## Goal of the exercise
What is needed is an exact copy of every entry, without the pictures.

## Entries supplied
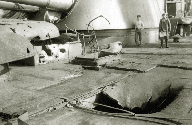 Судя по размеру пробоины в палубе, получил попадание от орудий фортов, вероятно с "Красной горки"
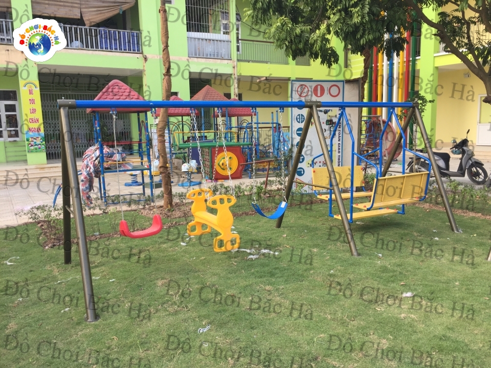 Xà ngang, đòn xích đu bằng thép ống mạ kẽm D76 dày 1,8 mm.
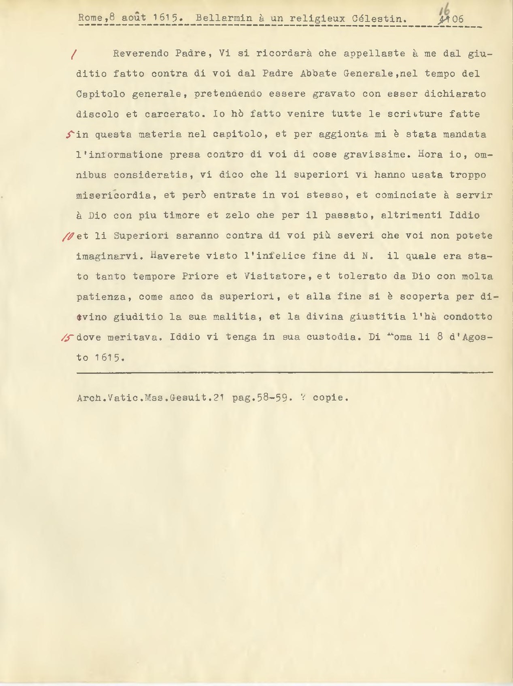 Reverendo Padre, Vi si ricorderà che appellaste à me dal giuditio fatto contra di voi dal Padre Abbate Generale, nel tempo del Capitolo generale, pretendendo essere gravato con esser dichiarato discolo et carcerato. Io ho fatto venire tutte le scritture fatte in questa materia nel capitolo, et per aggionta mi è stata mandata l'informatione presa contro di voi di cose gravissime. Hora io, omnibus consideratis, vi dico che li superiori vi hanno usata troppo misericordia, et però entrate in voi stesso, et cominciate à servirà Dio con piu timore et zelo che per il passato, altrimenti Iddio et li Superiori saranno contra di voi piu severi che voi non potete imaginarvi. Haverete visto l'infelice fine di N. il quale era stato tanto tempore Priore et Visitatore, et tolerato da Dio con molta patienza, come anco da superiori, et alla fine si è scoperta per divino giuditio la sua malitia, et la divina giustitia l'hà condotto dove meritava. Iddio vi tenga in sua custodia. Di Roma li 8 d'Agosto 1615.
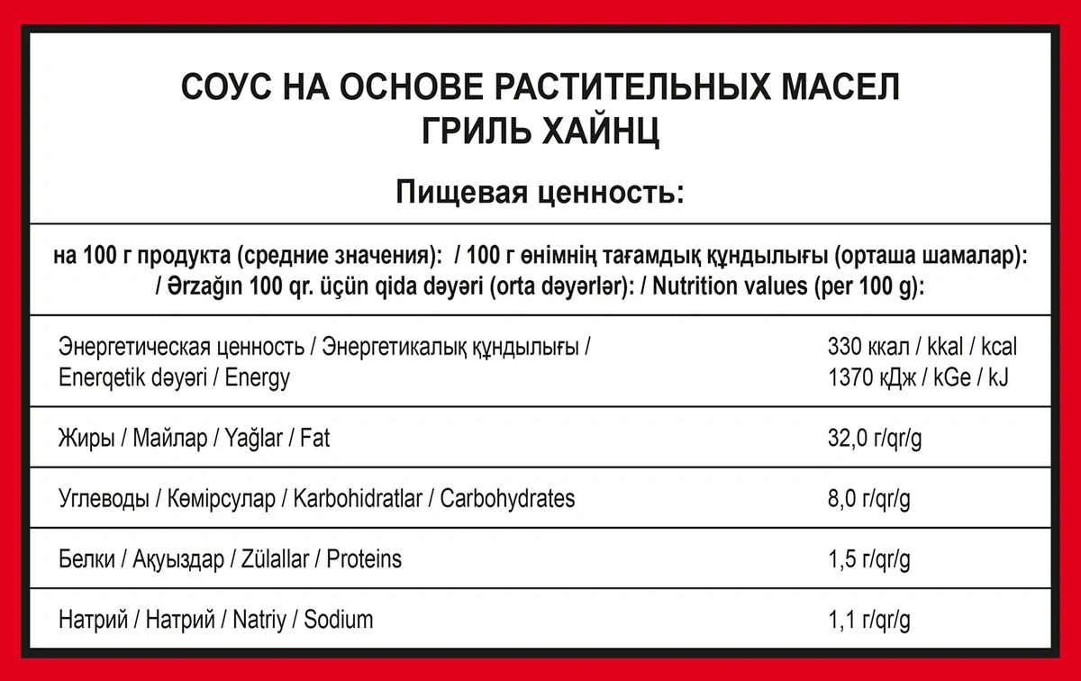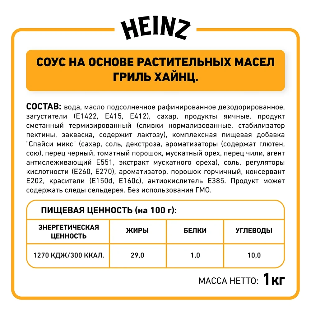 Легендарный Гриль соус от Хайнц теперь доступен всем! Феерично раскрывает вкус мяса, придавая ему неповторимый глубокий аромат жареного мяса. Соус можно использовать в качестве ингредиента в гамбургерах и других блюдах, а также как маринад и дип соус. Мега сочно и супер вкусно с Гриль соусом от Хайнц!
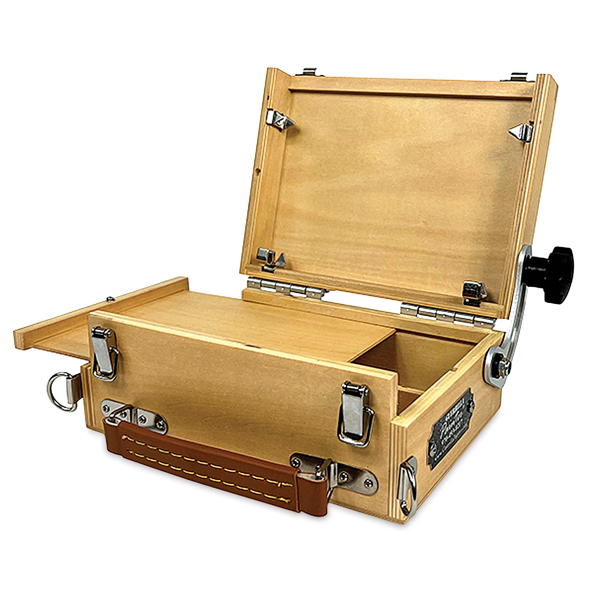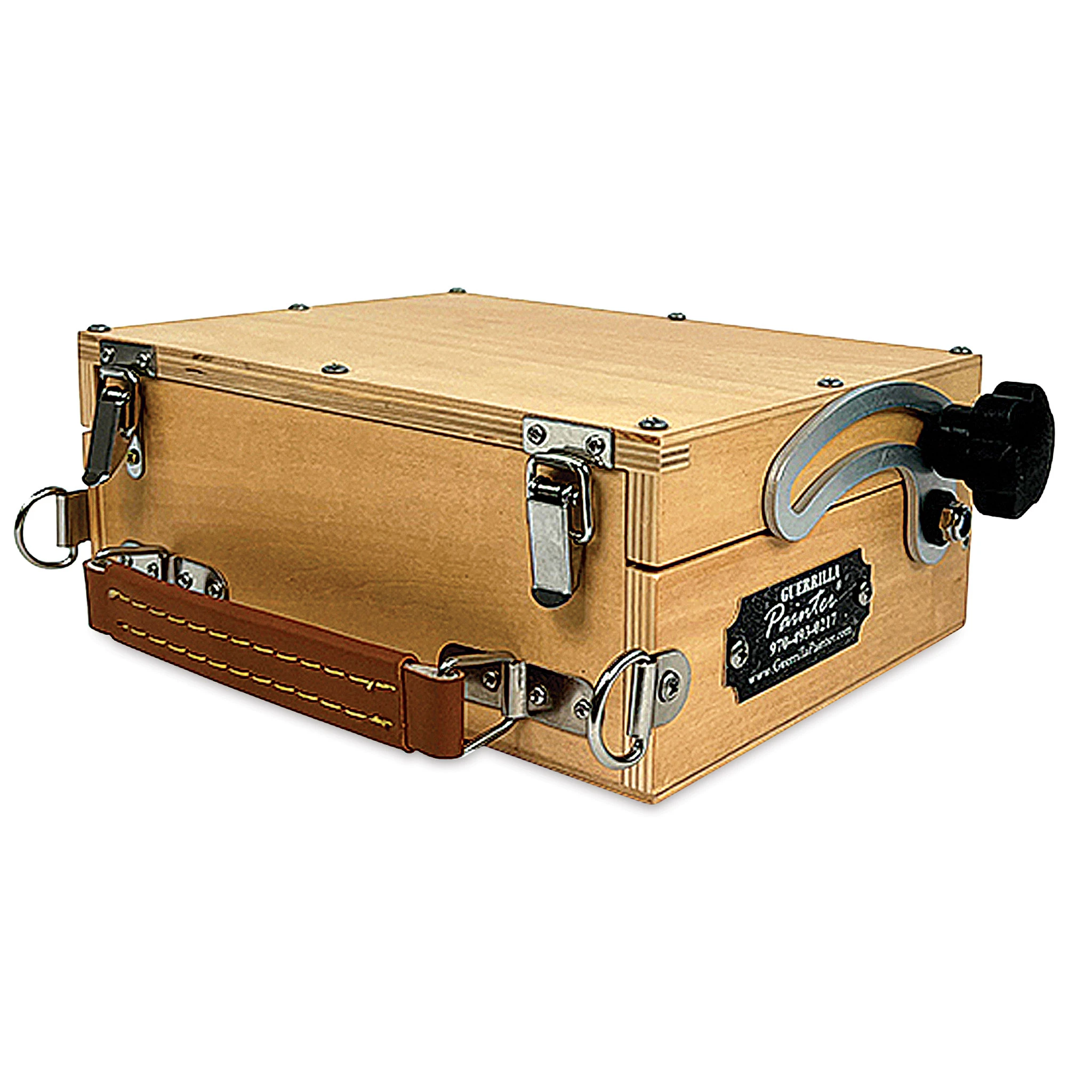 The compact and lightweight Guerrilla Painter Pocket Box V4.0 is the perfect pochade box for artists on the go. Made of wood, stainless steel, and aluminum with a lacquer finish, the box features a sliding palette that reveals a 1-1/2″ deep space for storing supplies, and is ideal for handheld, lapt…

## Task output
 Судя по размеру пробоины в палубе, получил попадание от орудий фортов, вероятно с "Красной горки"
 Xà ngang, đòn xích đu bằng thép ống mạ kẽm D76 dày 1,8 mm.
 Reverendo Padre, Vi si ricorderà che appellaste à me dal giuditio fatto contra di voi dal Padre Abbate Generale, nel tempo del Capitolo generale, pretendendo essere gravato con esser dichiarato discolo et carcerato. Io ho fatto venire tutte le scritture fatte in questa materia nel capitolo, et per aggionta mi è stata mandata l'informatione presa contro di voi di cose gravissime. Hora io, omnibus consideratis, vi dico che li superiori vi hanno usata troppo misericordia, et però entrate in voi stesso, et cominciate à servirà Dio con piu timore et zelo che per il passato, altrimenti Iddio et li Superiori saranno contra di voi piu severi che voi non potete imaginarvi. Haverete visto l'infelice fine di N. il quale era stato tanto tempore Priore et Visitatore, et tolerato da Dio con molta patienza, come anco da superiori, et alla fine si è scoperta per divino giuditio la sua malitia, et la divina giustitia l'hà condotto dove meritava. Iddio vi tenga in sua custodia. Di Roma li 8 d'Agosto 1615.
 Легендарный Гриль соус от Хайнц теперь доступен всем! Феерично раскрывает вкус мяса, придавая ему неповторимый глубокий аромат жареного мяса. Соус можно использовать в качестве ингредиента в гамбургерах и других блюдах, а также как маринад и дип соус. Мега сочно и супер вкусно с Гриль соусом от Хайнц!
 The compact and lightweight Guerrilla Painter Pocket Box V4.0 is the perfect pochade box for artists on the go. Made of wood, stainless steel, and aluminum with a lacquer finish, the box features a sliding palette that reveals a 1-1/2″ deep space for storing supplies, and is ideal for handheld, lapt…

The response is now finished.